New York -- Yesterday as I entered Federal Hall in the heart of Wall Street to hear President Barack Obama's speech, a huge crowd gathered outside the building hoping for a glimpse of President Obama. Inside the hall I sat down with 150 Wall Street executives, government officials, including Tim Geithner and Mayor Bloomberg and a few citizen activists, to hear his speech. The activists included Phyllis Salowe-Kaye from New Jersey Citizen Action (NJCA) and other members of Americans for Financial Reform (AFR).
We were hoping to hear a tough speech warning Wall Street to mend its ways and support new regulations to protect consumers.
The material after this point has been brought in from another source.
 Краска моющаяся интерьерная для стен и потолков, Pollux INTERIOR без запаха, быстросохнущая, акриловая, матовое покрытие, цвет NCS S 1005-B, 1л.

We were not disappointed. A year after the fall of Lehman Brothers, Obama, pointed his finger at big bank presidents and the Gorden Gekkos of Wall Street and said, "I want everybody here to hear my words: We will not go back to the days of reckless behavior and unchecked excess that was at the heart of this crisis, where too many were motivated only by the appetite for quick kills and bloated bonuses."
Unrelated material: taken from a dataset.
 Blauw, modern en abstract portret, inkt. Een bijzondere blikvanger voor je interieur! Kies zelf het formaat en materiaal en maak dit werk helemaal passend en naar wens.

While Obama made it clear that he strongly supports what I consider the most important reform, the Consumer Financial Protection Agency, (CFPA) HR 3126, its future remains in doubt. CFPA creates a separate standalone agency with the sole mission of protecting consumers. The creation of that agency should be the top priority for Congress. It's the key reform to protect consumers from financial abuse. As Salowe-Kaye said to me, "It's a crazy situation...that if you buy a toxic toaster, you have the Consumer Product Safety Commission to protect you from harm," But there's nothing to protect us from toxic loans."
The CFPA proposed by the president would have broad institutional oversight of enforcement responsibilities for the wide range of financial consumer protection laws already in place, including CRA, and bolsters the chances of passage of the Community Reinvestment Modernization Act of 2009, which now has 50 co-sponsors in the House including New Jersey Rep. Donald M. Payne (D-10th Dist.). This law would expand CRA's reach to non-bank financial institutions. It is common sense to have independent mortgage companies and other non-bank lenders subject to the same rules as banks. All businesses making loans should be subject to the same rules.
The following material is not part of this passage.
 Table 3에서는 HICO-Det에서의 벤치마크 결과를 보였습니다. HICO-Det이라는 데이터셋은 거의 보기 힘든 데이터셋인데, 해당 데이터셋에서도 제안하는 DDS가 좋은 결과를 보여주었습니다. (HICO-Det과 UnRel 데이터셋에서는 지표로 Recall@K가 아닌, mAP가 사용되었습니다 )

Community Reinvestment Act CRA is one of the most important laws for building wealth and revitalizing neighborhoods. It helps keep banks honest by making them report specific loan data for low- and moderate-income neighborhoods, ensuring that consumers in traditionally underserved communities have access to safe, sound and affordable mortgages and home equity loans. If the CRA had been applied to those non-bank financial institutions, we would have avoided the present foreclosure and financial crisis.
To make sure financial reform passes quickly, all sorts of groups are joining the Americans for Financial Reform (AFR), a national coalition of more than 200 national, state and local consumer, employee, investor, community and civil rights organizations spearheading a national campaign for real reform in our banking and financial system. The coalition includes USAction, AARP, ACORN, private financial firms like American Income Life Insurance Company, AFL-CIO, Common Cause, Consumer Federation of America, and Public Citizen.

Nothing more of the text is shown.